第2章 風邪っぴきさん
「瑠璃…」
「あ、カラ松どうしたの?しんどくなってきた?」
カラ松がいつもとは違い、カッコつけていない表情で私を見つめていた。
「しんどくはない。むしろ、さっきのリンゴのおかげで元気になってきている」
「そう、それならよかった」
「あのな」
「うん」
カラ松を見ていたら、みるみるとカラ松の顔が真っ赤に染まり上がった。
「え、どうしたの本当に…熱上がってない?」
「あ、ああああのな…!!」
「だからどうしたの…」
「お、俺にも!!あーんをしてほしい…!!」
「……」
いつもより真剣な顔して何かと思えば。
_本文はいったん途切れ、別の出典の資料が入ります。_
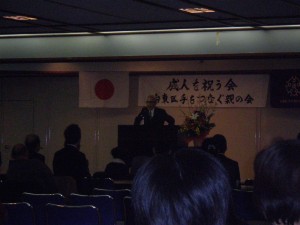 さて、毎年恒例の 「新成人を祝う会」 が浅草公会堂にて盛大に開催。

こいつもか。
「だから、チョロ松にやってもらって?って言ってるじゃん…」
「はぁ!?だからなんで僕!?」
「そ、そうじゃなくて、俺は瑠璃にだな…!!」
「おそ松兄さ〜ん、カラ松兄さんにやっちゃって」
「はいよー!!カラ松く〜ん、お口あーんっ」
「へぇ!?んむごっ!?」
「カラ松の大切な最後のリンゴ、お兄ちゃんがあーんしてあげる〜」
「んんむぅぅぅぐぐぅ」
カラ松のお皿の上に乗っていた最後のリンゴをおそ松が奪い取り、それをカラ松のお口へ無理やり…。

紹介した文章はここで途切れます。